И я не знаю в конце концов, что важнее. Конечно, встречи наши реже и реже, постоянная потребность в общении, так властно владевшая нами в юности, как бы подсохла, затвердела ледяной корочкой. Но с другой стороны — сколько подобных дружб истлело на корню, а наша все же жива. Мы разбегаемся по своим углам, теряем друг друга из виду, но потребность видеть друг друга возникает вновь; значит, он действительно нужен нам, Борька Никитин, да и мы, верно, нужны ему.
Имя это, для вас такое обычное, одно из множества, для нас своего рода код, ключик к той части жизни, которая так быстро, почти незаметно, пролетела, проскочила, да и к другой, которая еще б у д е т и обещает что-то и, как в самом начале, кажется бесконечной…
В конце октября, в день рождения Борьки Никитина, мы едем к нему в гости.
Проносятся станции, сначала более частые и людные, потом более редкие, пустые, мы помним здесь каждое название, дорога известна наизусть, как детское стихотворение. И каждый раз эта дорога вызывает в памяти послевоенную электричку, тесную и темную.
Теперь светло, народ вокруг чинный, негромкий, все с газетами и журналами. Дорога длинная, почти ночь езды, стучат убаюкивающе колеса, и вроде бы засыпаешь, задремываешь, а все равно все помнишь и видишь. И вот расстояние, казавшееся бесконечным, почти истаяло, и мы уже на подступах к той станции, к тому городку, где живет наш друг, «человек предместья», как он сам себя иногда любит называть.
Мы встретились с ним двадцать лет назад на вступительных экзаменах в Институт.
Это был странный Институт: вроде бы он предполагал готовить из нас тех, кем мы мечтали быть и кем — по глубочайшему нашему убеждению — уже были, и вместе с тем на всех консультациях, перед каждым творческим экзаменом Мастер, а за ним и деловитые ассистенты повторяли: «Нет, нет, нет, и не заблуждайтесь!»
Мастер, широкоплечий, свирепого вида, с неожиданно удивленной улыбкой, с маленькими, зоркими, широко расставленными глазами, говорил:
— Может быть, вы и художники, может быть. Но вы не те художники, кем мните себя видеть. Вы — оформители выставочных залов, а может быть, и магазинных витрин. Да, и не кривите лица, магазинных витрин: «Молочные продукты», «Изотопы», «Скобяные изделия». Чистая живопись — лишь раскладка, лишь основа, только материал, а там дальше она растворится в Ремесле… Да-да, и не кривите снова ваши личики. Ремесло совсем не дурное слово; вспоминайте почаще наши древние русские ремесла и забудьте навсегда о понятии «ремесленник»…

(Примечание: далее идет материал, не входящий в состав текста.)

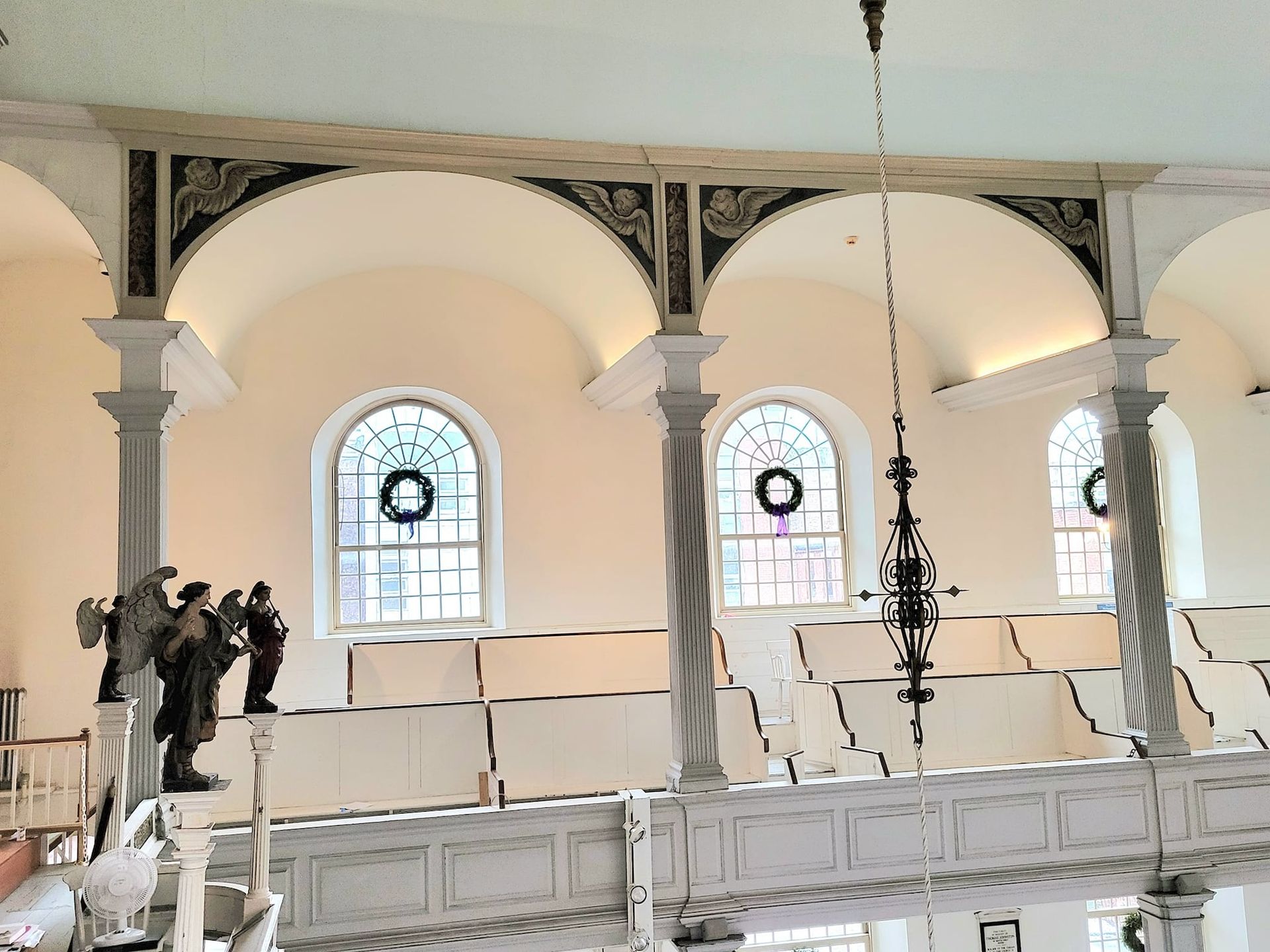 In advance of Old North’s 300th anniversary in 2023, the church began exploring opportunities to bring this centuries-old work to light. It tapped the historic-preservation firm Building Conservation Associates to conduct a paint study in 2016 and commissioned the conservator Gianfranco Pocobene to do the restoration work in 2024. The original plan was to reveal four angels, then replicate their design across the high arches. To their delight, a new path emerged.

Он говорил, а лаборантка заносила в какой-то кондуит номера наших вступительных работ.
Что это были за работы? Гигантские холсты в наспех сбитых щелястых рамочках. Гравюры — темненькие квадратики на простынях листов. Школьные тетрадки с какой-то мазней, может быть, даже гениальной, но все это навсегда осталось тайной, так как работы в подобном виде не принимались.
Каких тут жанров и сюжетов только не встречалось: натюрморты с дарами отечественных садов; геометрические мертвые кувшины, фигуры строителей Университета, который поднялся совсем недавно (поражая москвичей и приезжих своим органным золотом и размахом), лица строителей метрополитена в сверкании автогенных вспышек, просто лица, портреты знатных работников сельского хозяйства и промышленности, портреты незнакомок и незнакомцев.
Лаборантка ставила номер, а лаборант, худющий длинный парень, пытавшийся поступить в Институт уже пятый год, таскал эти картины не глядя, как панели, как строительный материал, передавая их по цепочке, как на стройке, какому-то еще лаборанту, тот, в свою очередь, волок их в неведомый нам запасник. В большинстве своем их по прошествии предварительного конкурса возвращали. Это называлось «завернуть». Тогда это распространенное ныне словцо было новым и зловещей новизной резало слух.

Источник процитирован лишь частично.